The Patriots were apparently convinced by the numbers and the film, as they made a relatively rich investment in a would-be backup quarterback, just one year after spending their first-round pick on Alabama national champ Mac Jones.

(AP Photo/Steven Senne)

While the fourth round isn’t exactly the pinnacle of the quarterback marketplace, it was still a noteworthy spot for Zappe to land in New England. Zappe’s tape left a lot to question about raw arm strength, and an awkward throwing motion that would likely make tighter window throws down the field extra difficult. The throwing motion was at least fixable, though, and you can make adjustments for a quarterback with a less-than-ideal arm, as the football intelligence and decision-making were likely too tempting to ignore, especially from a backup standpoint.

Zappe has been thrown into the fire as a rookie, as injuries to both Jones and veteran Brian Hoyer forced the former third-stringer into action. Playing in three games and starting two, Zappe was able to win both starts, and barely lost in overtime to the Green Bay Packers at Lambeau Field after being thrust into the lineup for the injured Hoyer.

During his limited playing time, Zappe has been the highest-rated rookie signal-caller in the league with a quarterback rating of 111.4, averaging a 72.9 completion percentage, and tossing four touchdowns to just one interception.
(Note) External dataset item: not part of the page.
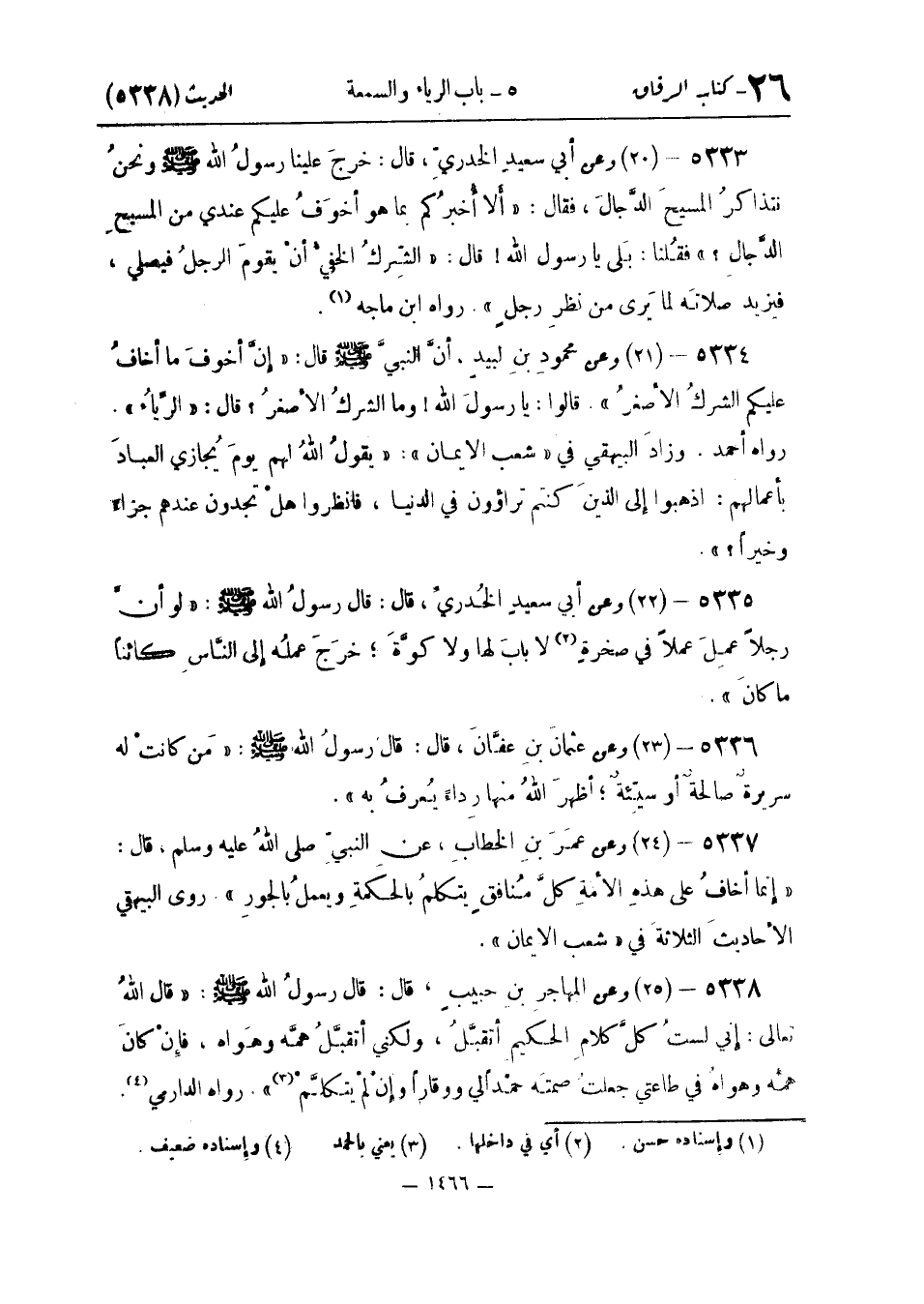 أبي سعيد الْخُدْرِيّ قَالَ: خَرَجَ عَلَيْنَا رَسُولُ اللَّهِ صَلَّى اللَّهُ عَلَيْهِ وَسَلَّمَ وَنَحْنُ نَتَذَاكَرُ الْمَسِيحَ الدَّجَّالَ فَقَالَ: «أَلَا أُخْبِرُكُمْ بِمَا هُوَ أَخْوَفُ عَلَيْكُمْ عِنْدِي مِنَ الْمَسِيحِ الدَّجَّالِ؟» فَقُلْنَا: بَلَى يَا رَسُولَ اللَّهِ قَالَ: «الشِّرْكُ الْخَفِيُّ أَنْ يَقُومَ الرَّجُلُ فَيُصَلِّيَ فَيَزِيدَ صَلَاتَهُ لِمَا يَرَى مِنْ نَظَرِ رجلٍ» . رَوَاهُ ابْن مَاجَه "

While those aren’t the same gaudy numbers he put up in college, it’s impressive that he’s been able to come in and win right away, and speaks to his ability to pick things up quickly in a complicated offense.
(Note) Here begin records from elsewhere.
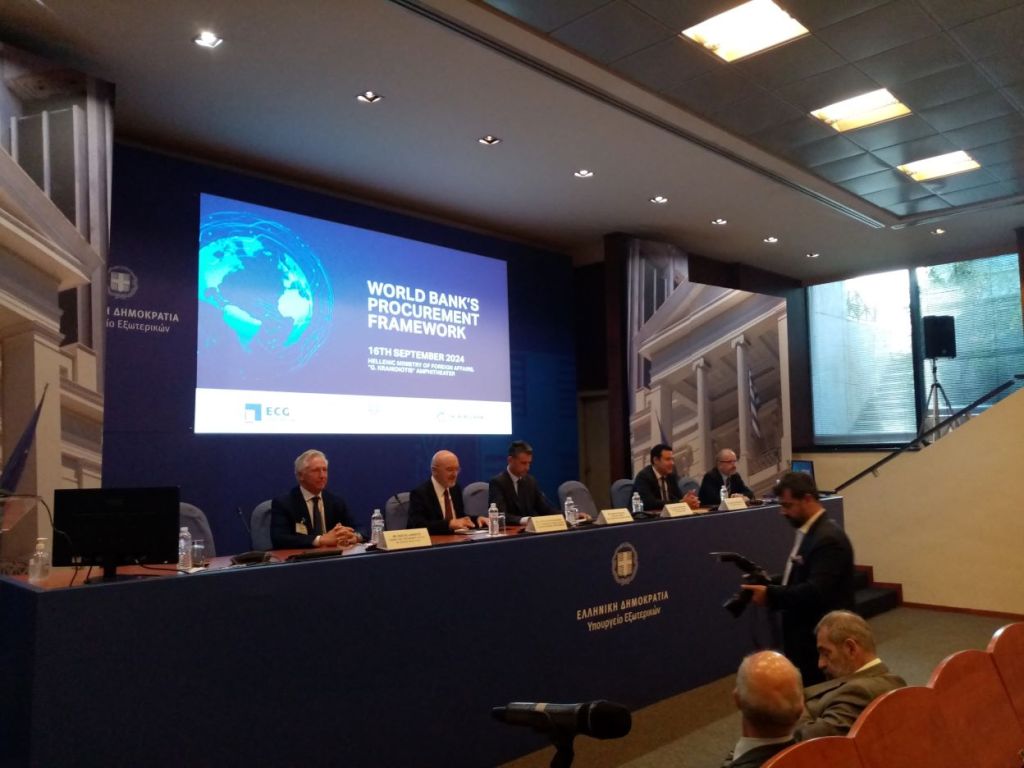 Ενημερωτική ημερίδα έλαβε χώρα χθες στο Υπουργείο Εξωτερικών με αντικείμενο «Το Σύστημα Προμηθειών της Παγκόσμιας Τράπεζας» της Γενικής Γραμματείας Διεθνών Οικονομικών Σχέσεων και Εξωστρέφειας του Υπουργείου Εξωτερικών, σε συνεργασία με την Παγκόσμια Τράπεζα και την Export Credit Greece.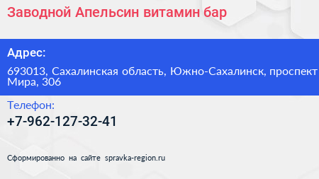 Заводной Апельсин, витамин-бар по адресу 693013, Сахалинская область, Южно-Сахалинск, проспект Мира, 306 в дальнейшем Организация, размещена в следующих категориях: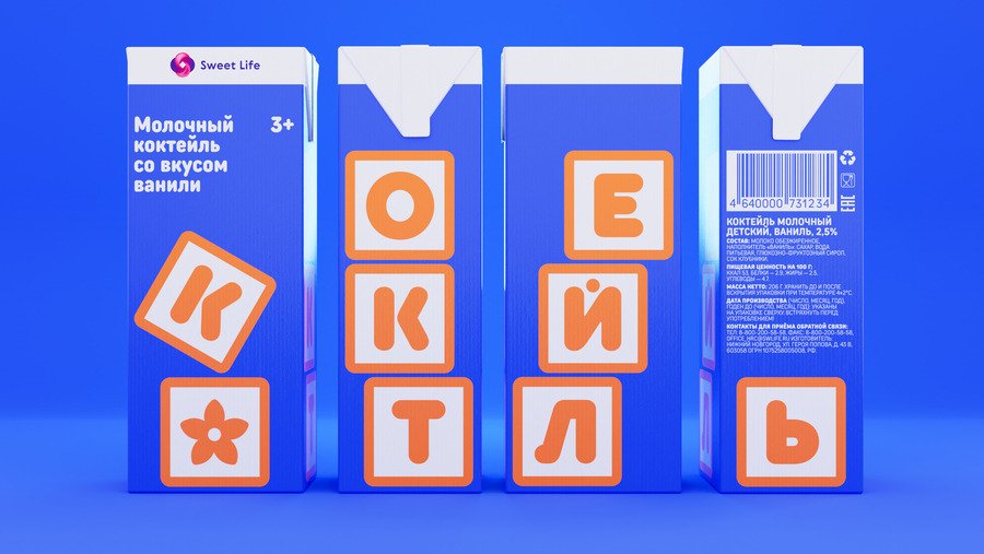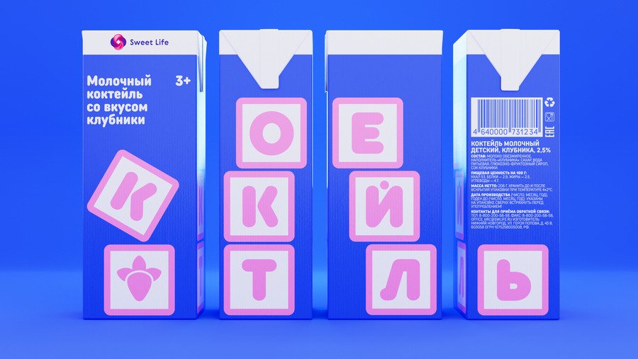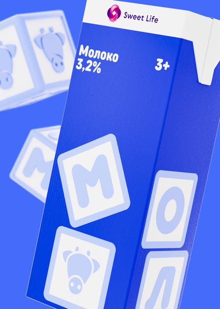 Sweet life — это собственная торговая марка сети супермаркетов Smart. Задача брифа состояла в том, чтобы разработать дизайн упаковки для детской молочной линейки, которая бы отражала характер и ценности бренда Sweet life и была бы привлекательной для мам и детей в супермаркетах.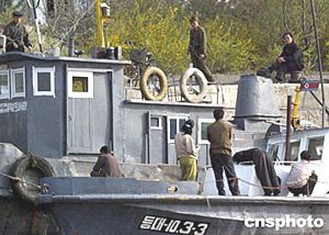 朝鮮士兵在與中國丹東隔鴨綠江相望的朝鮮碼頭執(zhí)勤。中新社記者:宋吉河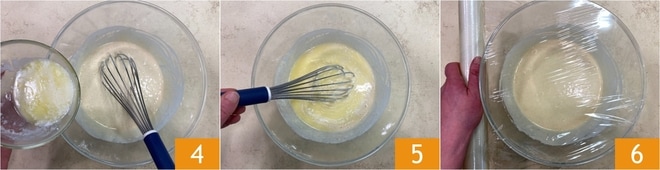 Fügen Sie auch die abgekühlte geschmolzene Butter hinzu 5 und rühren Sie noch einmal, um alles zu vermischen 5. Decken Sie es mit Frischhaltefolie ab 6 und lassen Sie es 30 Minuten im Kühlschrank ruhen.

While it seems highly unlikely that Zappe will remain the starter once Jones gets back to full strength, it is hard not to think he should have been taken much earlier in the draft, as the tape shows a lot of his skills from college have quickly translated well to the next level.

Hopefully, he’ll be able to develop and grow further in New England before ultimately getting a well-deserved shot at a starting job elsewhere.